In our framework, a risk-averse individual considers not only the uncertainty of future wage outcomes based on education and experience but also the variability in the underlying distributions, including the uncertainty in the parameters of the estimated conditional wage distributions.

The VAR-Gibbs model is selected for regression analysis due to its effectiveness in addressing two key issues Firstly, it examines how varying levels of risk aversion influence educational decisions, revealing that higher risk aversion correlates with reduced educational investment, as education is perceived as a riskier investment compared to experience during the study period Secondly, the research highlights the significance of financial resources in higher education decisions by assessing how changes in initial wealth affect educational choices.

Distinct forecasting methods reveal significant variations in school attendance rates, average education levels, and the duration required to obtain a college degree The study highlights that greater initial wealth correlates with a faster accumulation of education.

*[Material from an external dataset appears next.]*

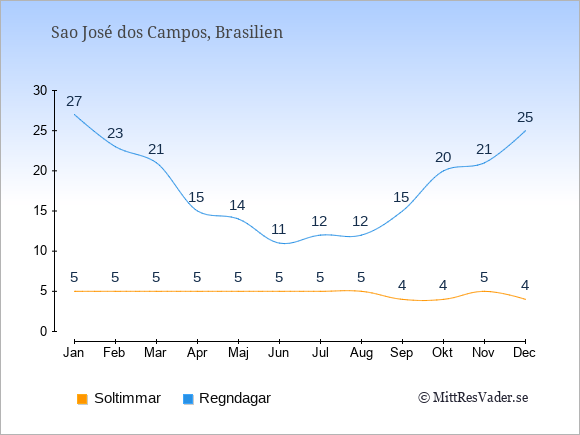 Väder i Sao José dos Campos: Soltimmar och regndagar
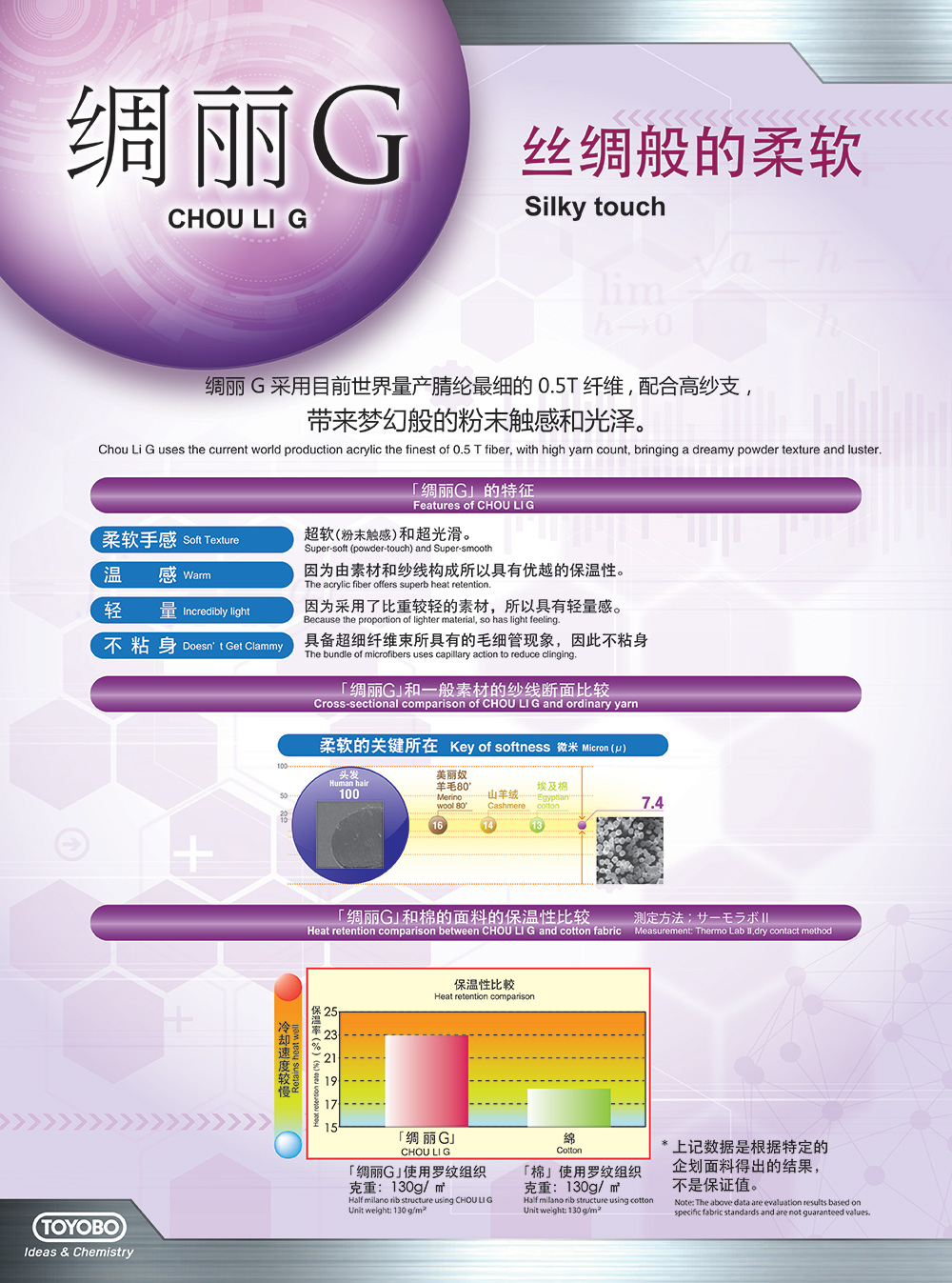綢麗G采用目前世界量產(chǎn)腈綸最細(xì)的0.5T纖維,配合高紗支,帶來夢幻般的粉末觸感和光澤。

Hamilton et al (2000) explored the impact of worker and employer heterogeneity on output distribution, focusing on the relationship between profits and wages within firms Unlike Sattinger (1993), their study considers a labor market where workers and firms are vertically differentiated, with a common level of general human capital but varying individual skills This approach allows for the inclusion of unique worker characteristics, highlighting that equally educated individuals may not be equally suitable for firms Additionally, the research assumes a diverse workforce suited for different types of jobs, alongside firms with varying job requirements, leading to the development of a non-hierarchical assignment model that complements existing hierarchical models.

Firms that struggle to identify the skill types of individual workers may find that those receiving less training often earn higher net wages This occurs because firms do not differentiate between workers based on their skill types, leading to better-matched workers receiving higher wages despite having similar levels of general human capital and productivity As the number of firms increases, equilibrium wages rise due to competition for better-matched workers In a scenario where the number of firms becomes very large, wages approach the competitive level of general human capital, while profits diminish to zero The competitive labor market model represents the limit of the spatial job assignment model Furthermore, an increase in the common level of general human capital boosts gross productivity and reduces training costs for each worker, resulting in higher net wages This trend is supported by numerous empirical studies, although profits may decline as firms lose some monopsony power, which offsets productivity gains.

When firms are fully aware of the quality of individual job matches prior to hiring, they can tailor their offers based on the skill types of workers This allows employers to focus on the total wage and training costs, while employees consider their net wages after training expenses The responsibility for training costs becomes a part of the bargaining process, making it less significant who pays these costs Consequently, workers who receive more training tend to earn higher net wages, not due to increased productivity, but because their training costs at alternative firms are lower This dynamic gives poorly matched workers a stronger bargaining position compared to well-matched workers, as they have better outside alternatives.

Wage and schooling are also interesting issues for economists besides the U.S

Meghir (2005) assessed the impact of educational reform on final educational attainment and earnings using data from the Swedish Level of Living Survey, national education registers, and tax records spanning from 1985 to 1996 The study employed various methodologies and divided the sample into two cohorts, with the first cohort consisting of 10,309 individuals born in 1948, including 5,235 men and 5,074 women.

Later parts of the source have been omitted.